U.S. point man for Syrian rebels is sidelined, powerless

McClatchy InteractiveDecember 4, 2013 

Mideast Syria

Nov. 21, 2013 -- Shiite fighters run to cover during clashes between the Sunni-dominated Free Syrian Army and Syrian soldiers loyal to Syria's President Bashar Assad, supported by Iraqi and Lebanese Shiite fighters, in the town of Hejeira, which Syrian troops captured, in the countryside of Damascus, Syria.


Gen. Salim Idriss, the Syrian officer who defected and now leads the U.S.-backed effort to streamline rebel forces in the fight against President Bashar Assad's regime, is seeing his authority evaporate as his men are outgunned by militant Islamist rivals.

Idriss heads the Supreme Military Council, or SMC, ostensibly the umbrella group for the various militias fighting under the catchall term "Free Syrian Army." In fact, no such cohesive force ever existed and Idriss's efforts to create one now appear doomed as a result of battlefield developments and the general's own controversial remarks in an interview this week.

In a column Monday, The Washington Post's David Ignatius describes a telephone interview with Idriss:

Idriss didn't demand as a precondition that President Bashar Assad resign before negotiations begin.

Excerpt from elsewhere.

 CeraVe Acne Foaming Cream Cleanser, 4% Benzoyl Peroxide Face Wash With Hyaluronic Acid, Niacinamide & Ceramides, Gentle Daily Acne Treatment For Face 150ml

Instead, he said, Assad's departure should come "at the end of negotiations." This position was echoed by Monzer Akbik, a spokesman for the Syrian opposition council, the moderate rebels' political arm.

Idriss stressed the threat posed by the al-Qaeda affiliate known as the "Islamic State of Iraq and Syria," or ISIS. He said the group was "very dangerous for the future of Syria" and that after Assad's departure, the Free Syrian Army would be ready to join the regular Syrian army in fighting them.

Rania Abouzeid, an acclaimed freelance journalist whose dispatches from Syria are closely followed by observers of the conflict, said at an appearance this week in DC that Idriss's jihadist rivals already have seized on his remarks as evidence that the so-called Free Syrian Army lacks the will and strength to see the fight to the finish.

Hardline Islamist rebels reject the diplomatic track in Geneva as selling out the cause because it requires negotiation with regime delegates. And it's unpopular, to say the least, for Idriss to suggest that he'd offer fighters to serve alongside the regime's forces, which are now battering rebel positions in several areas.

And the remarks follow other recent setbacks, most notably the mass exodus of SMC-allied fighters to a new Islamist rebel bloc that rejects such U.S.-backed groups as Idriss's rebel coalition or its civilian counterpart, the Syrian Opposition Coalition.

The takeaway: Idriss simply has no authority over the disparate rebel factions, is outperformed by the militant Islamist forces, and hasn't received promised equipment from Western allies. His rapid descent leaves the United States with no reliable partner, whether civilian or military, in the Syrian conflict.

The State Department doesn't seem deterred, however. Officials are still planning for the Geneva 2 peace summit next month and are courting Idriss's support for the process. Here's an exchange from Monday's State Department briefing with spokeswoman Jen Psaki:

QUESTION: Finally, yesterday there was a report in the Telegraph, The London Telegraph, that says basically the Free Syrian Army now is becoming a group of warlords and accumulating money and gangs and so on and have no interest, really, in reaching a settlement. Is that your assessment, or are you still working very closely with General Idris?

MS. PSAKI: We are still working very closely with General Idris, we’re still working towards a Geneva conference in January, and we still believe there’s no military solution, as you know.